▸ TO DO
The entire listing below is to be written out exactly, minus the pictures.

SUPPLIED INFORMATION section start

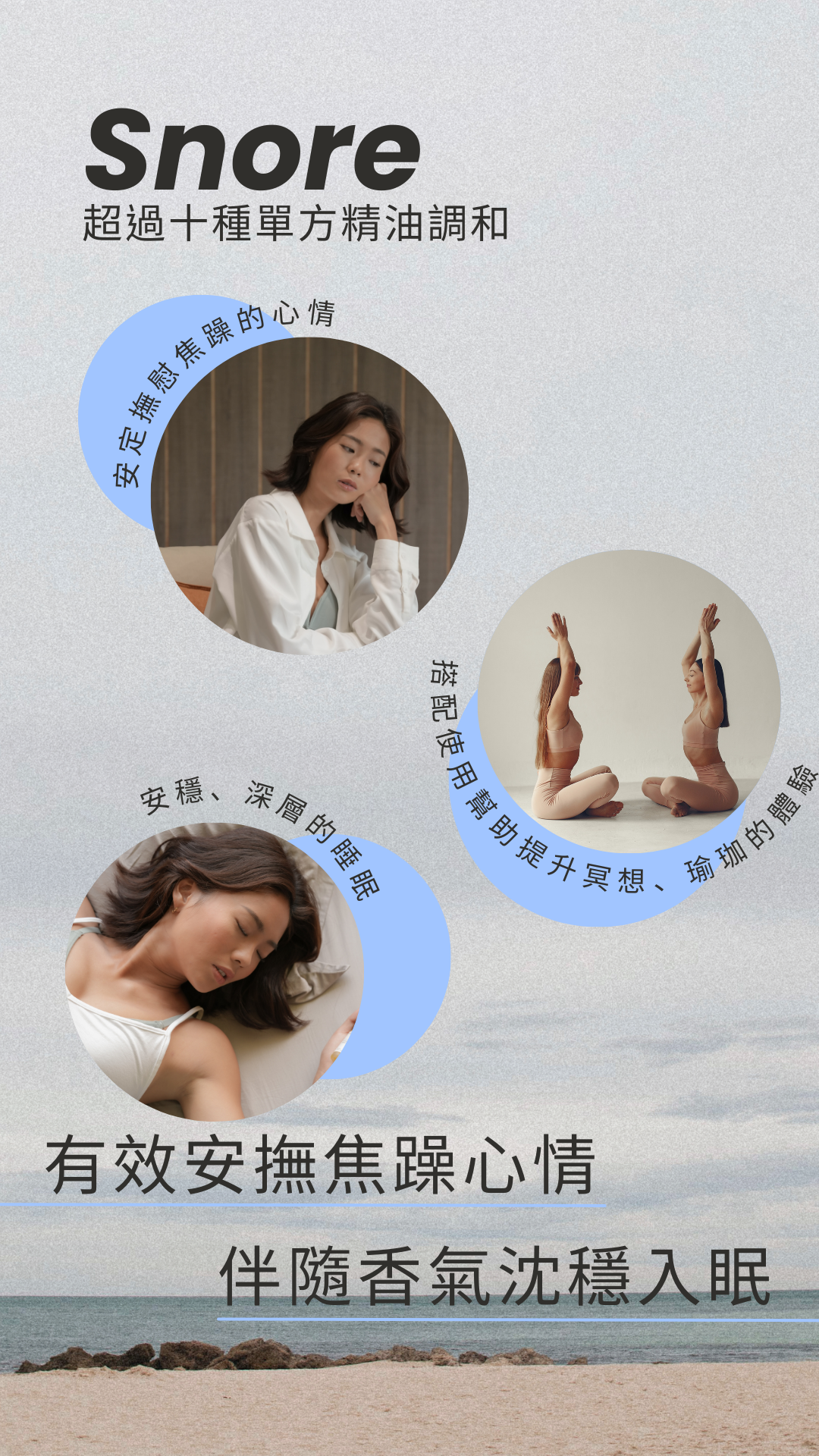 在感覺焦慮時,透過天然精油的香氣平穩交感神經、放鬆情緒。每一個晚安之際,在Snore 的作用下放下一天的辛勞,穩定入睡前的心緒、提升睡眠品質。
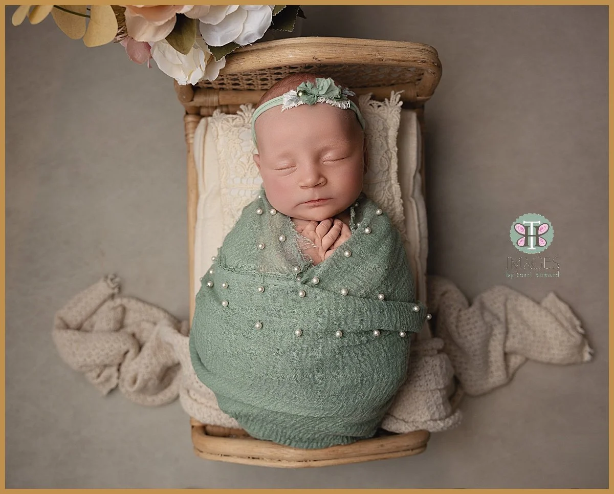 We focused on a color palette of greens, pinks and beige, and delicate textures to keep the attention on her tiny features. This style of newborn photography in Bothell ensures your images remain timeless for years to come.
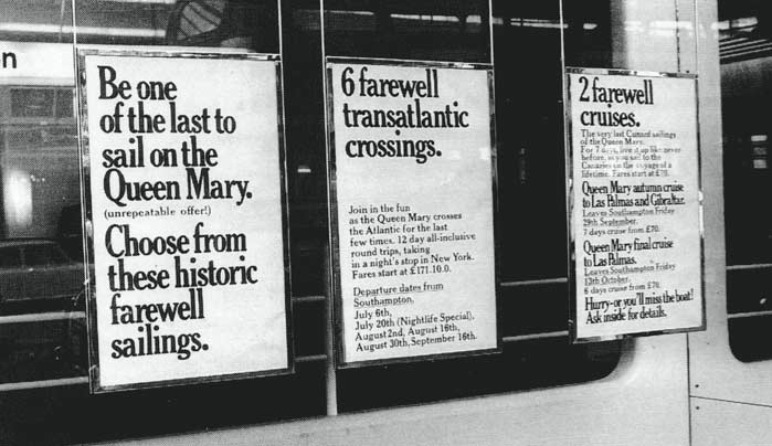 As the Cunard corporation was facing great economic loss by the mid-60's, the writing was on the wall: The era of the grand Ocean Liners was indeed over. Air flight had taken over the majority of the tourist market, and the public's interest in traveling the ocean in luxury had tragically waned. Cunard was in the process of building a new ship, the Queen Elizabeth 2 (which would come to be known as the famed QE2), and to pay for her construction, they mortgaged the rest of the fleet. The QE2 was smaller than her older sisters and could still provide some transatlantic service, but could also travel the world, visiting some of the smaller ports of call, thus beginning a era for ocean travel: cruising. But in this new market of "cruising" that was starting to gain some momentum, the public was not interested in the grand old ships. They were too big, too old fashioned, and couldn't travel to ports that would provide "resort-type" travel experiences. Cunard finally made the decision that the time had come to retire both the Queen Mary and the Queen Elizabeth from service, and sell them off to the highest bidder. The Queen Elizabeth met with a tragic end. Her post-Cunard life saw her privately owned, then a failed attempt at being a floating hotel (in the Florida Everglades), and finally converted into an Asian-based floating University. But sadly, she caught fire (some suspect arson), and sunk off the coast of Hong Kong, and was eventually sold to scrap. The Queen Mary, on the other hand, just barely avoided being turned to scrap. The Japanese scrap merchants that bid on her, came in just below a bid from the City of Long Beach, California. The city had plans to turn the Queen Mary into a grand tourist attraction and a city icon. The result would be the “Hotel Queen Mary,” convention and entertainment center and museum. As the Queen Mary was loved by millions around the world, the new owners hoped that she would become responsible for placing the City of Long Beach on the world map. The final price that the City of Long Beach paid for the legendary Queen Mary was $3.45 million. She arrived in Southampton for the last time on September 27, 1967, having just completed her 1000th Atlantic crossing. In her years of service, she had carried 2,112,000 passengers over 3,792,227 miles. And On October 31, 1967, 1,093 passengers and 806 crew set out on her last ever ocean voyage, which would take her on an epic journey around Cape Horn, and arrive in Long Beach on December 9th. |

SUPPLIED INFORMATION section end

▸ FINISHED TASK
 在感覺焦慮時,透過天然精油的香氣平穩交感神經、放鬆情緒。每一個晚安之際,在Snore 的作用下放下一天的辛勞,穩定入睡前的心緒、提升睡眠品質。
 We focused on a color palette of greens, pinks and beige, and delicate textures to keep the attention on her tiny features. This style of newborn photography in Bothell ensures your images remain timeless for years to come.
 As the Cunard corporation was facing great economic loss by the mid-60's, the writing was on the wall: The era of the grand Ocean Liners was indeed over. Air flight had taken over the majority of the tourist market, and the public's interest in traveling the ocean in luxury had tragically waned. Cunard was in the process of building a new ship, the Queen Elizabeth 2 (which would come to be known as the famed QE2), and to pay for her construction, they mortgaged the rest of the fleet. The QE2 was smaller than her older sisters and could still provide some transatlantic service, but could also travel the world, visiting some of the smaller ports of call, thus beginning a era for ocean travel: cruising. But in this new market of "cruising" that was starting to gain some momentum, the public was not interested in the grand old ships. They were too big, too old fashioned, and couldn't travel to ports that would provide "resort-type" travel experiences. Cunard finally made the decision that the time had come to retire both the Queen Mary and the Queen Elizabeth from service, and sell them off to the highest bidder. The Queen Elizabeth met with a tragic end. Her post-Cunard life saw her privately owned, then a failed attempt at being a floating hotel (in the Florida Everglades), and finally converted into an Asian-based floating University. But sadly, she caught fire (some suspect arson), and sunk off the coast of Hong Kong, and was eventually sold to scrap. The Queen Mary, on the other hand, just barely avoided being turned to scrap. The Japanese scrap merchants that bid on her, came in just below a bid from the City of Long Beach, California. The city had plans to turn the Queen Mary into a grand tourist attraction and a city icon. The result would be the “Hotel Queen Mary,” convention and entertainment center and museum. As the Queen Mary was loved by millions around the world, the new owners hoped that she would become responsible for placing the City of Long Beach on the world map. The final price that the City of Long Beach paid for the legendary Queen Mary was $3.45 million. She arrived in Southampton for the last time on September 27, 1967, having just completed her 1000th Atlantic crossing. In her years of service, she had carried 2,112,000 passengers over 3,792,227 miles. And On October 31, 1967, 1,093 passengers and 806 crew set out on her last ever ocean voyage, which would take her on an epic journey around Cape Horn, and arrive in Long Beach on December 9th. |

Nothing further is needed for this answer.